February 4, 2005
SAN FRANCISCO, CA — Earlier this week, the staff of the Coronet was told that the theater would be closing its'doors forever on Feb 10, 2005. The Coronet, which opened in 1949, has been operated by United Artists since some time in the late 1980’s or early 90’s.
According to the San Francisco Examiner, in 2000, the owners of the building sold it to The Goldman Institute On Aging, who plan to tear it down and construct a senior citizens center on the site. The 1,200-seat Coronet is one of the last single-screen 70mm movie houses (with good sound and projectionst) to actually to run 70mm prints on a regular basis. There are one or two other single screen SF movie houses with 70mm capibility- -but they haven’t run 70mm in years.
January 28, 2005
SAN FRANCISCO, CA — Condo developers have obtained permits to demolish San Francisco’s historic Harding Theater.
Neighborhood merchants are lobbying to save the theater and adapt it for reuse. They will meet with the Board of Supervisors on Tuesday, February 1, 2005, at City Hall, Room 244, One Dr. Carlton B. Goodlett Place (Polk Street between Grove and McAllister Streets), San Francisco, 3:30 pm. (415) 568-3306.
For more info, check out this website.
January 6, 2005
NEW YORK, NY — Following on the heels of the announcement of the Beekman’s closure, New York Post Film Critic Lou Lumenick reports that the Cinema 1, 2, 3 will be gutted this spring and converted into retail space.
Meanwhile, the theater’s owners have already placed a stucco facade over its signature blue tiles “apparently” to prevent the building from being placed on the landmark list — something akin to the “work” done on the Sutton Theater before its closure.
January 5, 2005
NEW YORK, NY — Clearview Cinemas has confirmed that the owner of the Beekman Theatre, Memorial Sloan-Kettering Cancer Center, plans to end the exhibitor’s lease at the end of June 2005.

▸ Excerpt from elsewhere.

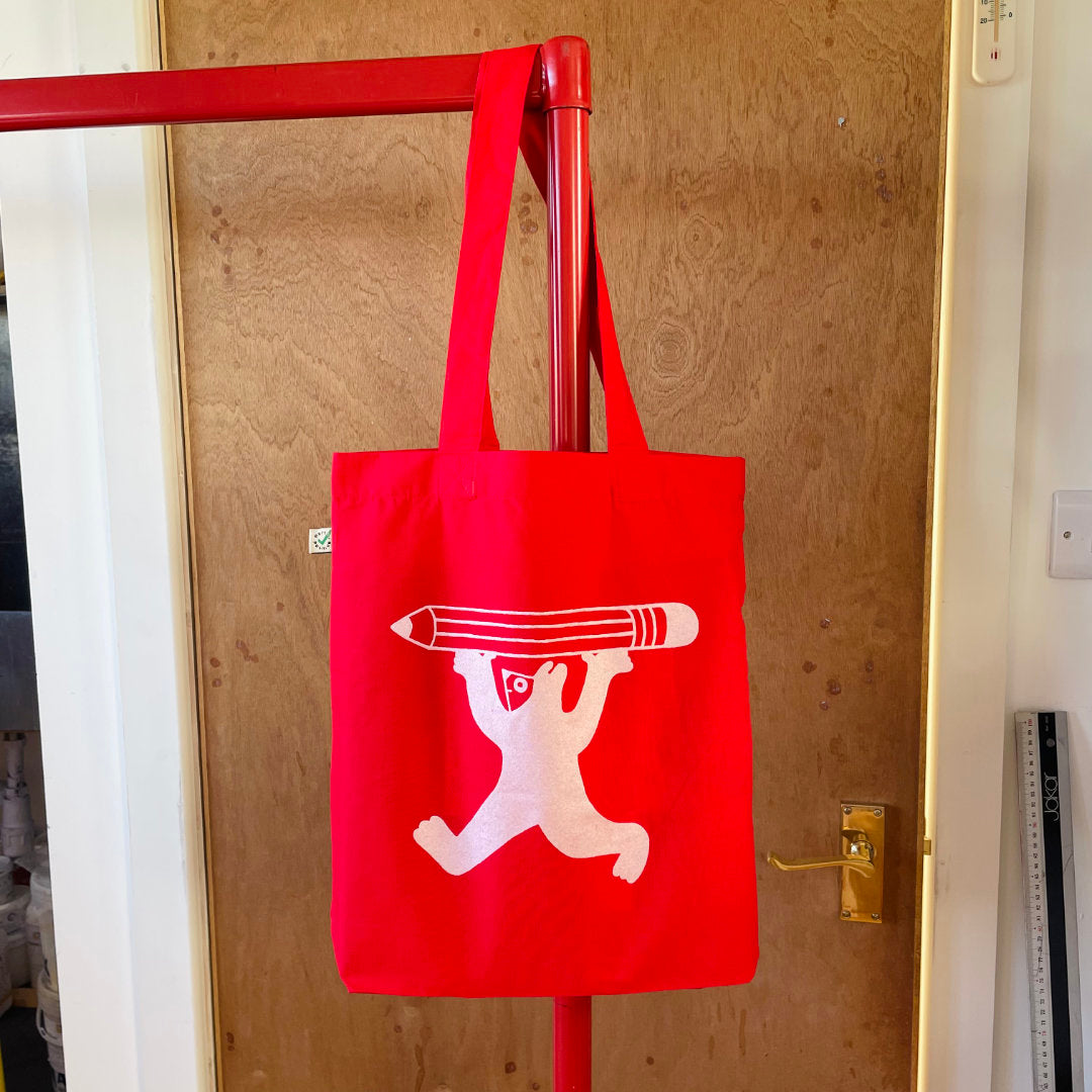 Cute Pencil Person tote bag! Here's a lil character carrying our favourite tool: the mighty pencil.

For an impassioned commentary on the plight of the Beekman and historic movie houses around New York City, please read New York Post Chief Film Critic Lou Lumenick’s commentary in today’s New York Post.

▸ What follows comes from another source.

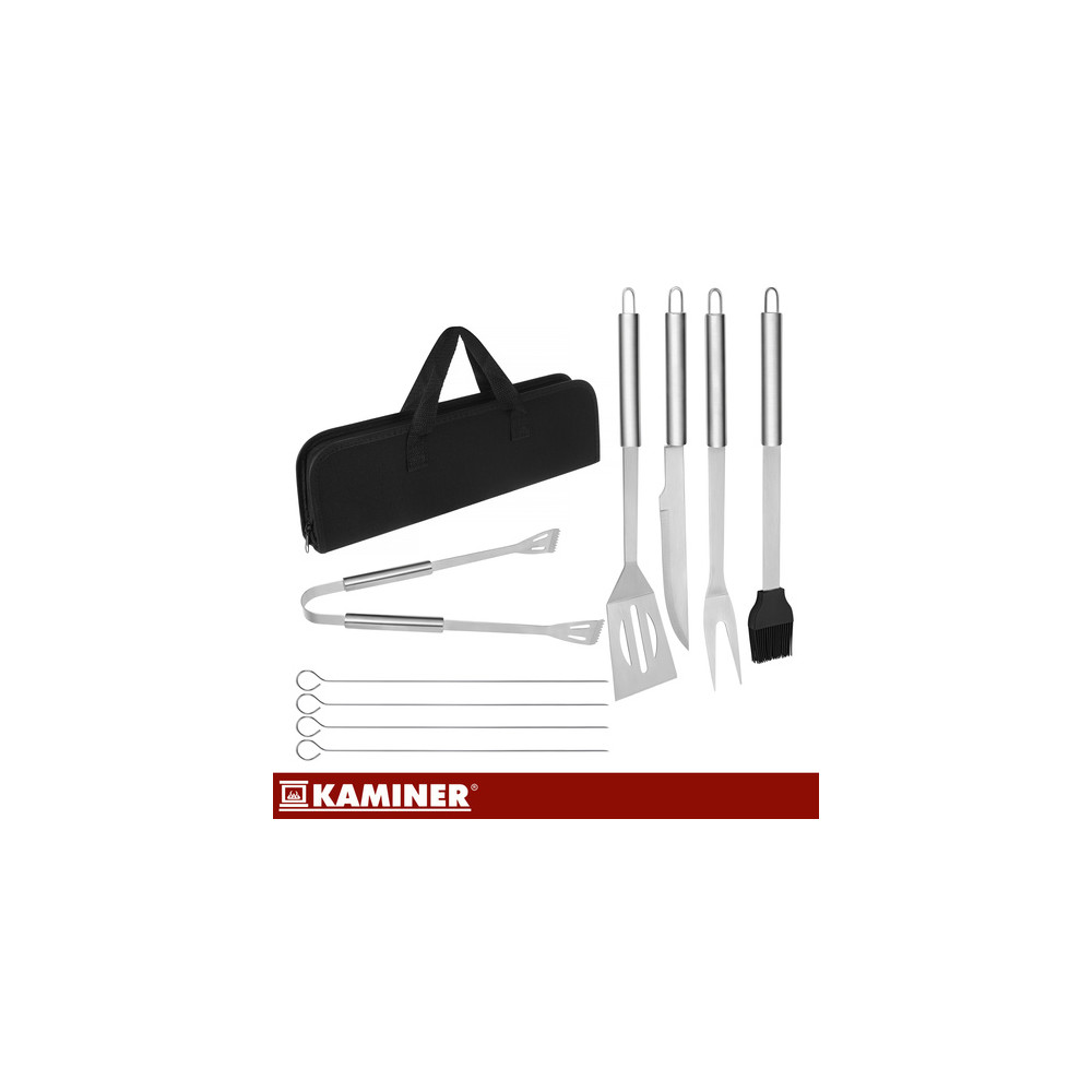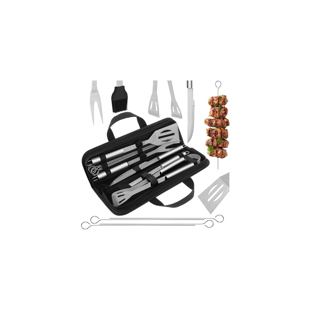 Sada grilovacího náčiní na gril uložená v praktickém černém pouzdře s uchem. Díky kufříku jsou tak potřeby lehce přenositelné, ať už je využijete na zahradě nebo někde při kempování. Vše budete mít ihned při sobě.

The Beekman is not only a landmark movie house, but a symbol of the city. It must be saved.
January 3, 2005
BOSTON, MA — The latest e-mail missive from Lee Eiseman of Friends of the Gaiety Theatre:
“As of New Year’s Eve I can report that The Gaiety has had another reprieve!
In a brief submitted to Judge Francis Spina of The Massachusetts Supreme Court, the lawyer for The Glass Slipper (a strip club next to the Gaiety also threatened with demolition) argued that demolition of the theatre would deprive his client of the right to several substantial arguments in cases still open in Massachusetts Land Court.

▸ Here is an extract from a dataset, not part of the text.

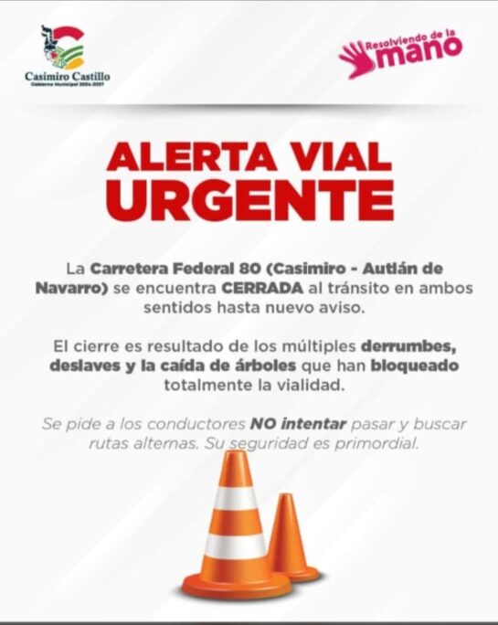 Cierre en la carretera federal 80, a la altura de La Calera en Casimiro Castillo, por deslaves causados por lluvias. Autoridades ya atienden la situación...

Judge Spina asked Kensington Development for assurances that they would refrain from demolition until after Judge Spina decides the case which will be heard on Friday, January 7, 9:30 am at 1 Beacon Street 3rd floor. Kensington has assented to this request. The public and press may attend.
December 29, 2004
NEW YORK, NY — We received the following email from “CineMan”: “Clearview Cinemas has received notice from their landlord that their lease at the Beekman Theatre will terminate in June 2005. The entire block is scheduled to be redeveloped. This will be a huge loss in Manhattan movie-going.”
December 23, 2004
BOSTON, MA — A Massachusetts Land Court judge yesterday rejected a request by the Glass Slipper strip club to stop a developer from tearing down the defunct and dilapidated Gaiety Theatre nearby.
The theater’s owner, Kensington Investment Co., said it will “shortly proceed with demolition of long-vacant buildings” it owns at 659-665 Washington St. near Chinatown. It declined to give a more specific timetable.
It was unclear last night whether the Glass Slipper would appeal the judge’s decision.
December 16, 2004
December 13, 2004
ELTHAM, ENGLAND — According to a report from the News Shopper, the Cinema Theatre Association (CTA), a British-based theater preservation group, is battling developers who are planning to redevelop the former Eltham Coronet.
The group’s primary complaint with the redevelopment effort centers around the developers plans to split the theater’s existing auditorium into three levels, and replace the balcony with retail or dining space.
For more details, read the full report.
November 15, 2004
KANSAS CITY, MO — The Empire Theater has survived another round in an ongoing battle between developers, who control the property, and those interested in saving the historic theater. Only this time, it appears that the battle may be nearing its end.
Preservationists experienced a sigh of relief on Nov. 11. The Kansas City Star reported that a plan to construct a new headquarters for Kansas City Power & Light on the theater’s site had been rejected by city leaders. Developers sought the entire Empire Theater block to erect a new office tower for the utility company, which rents space just two blocks away.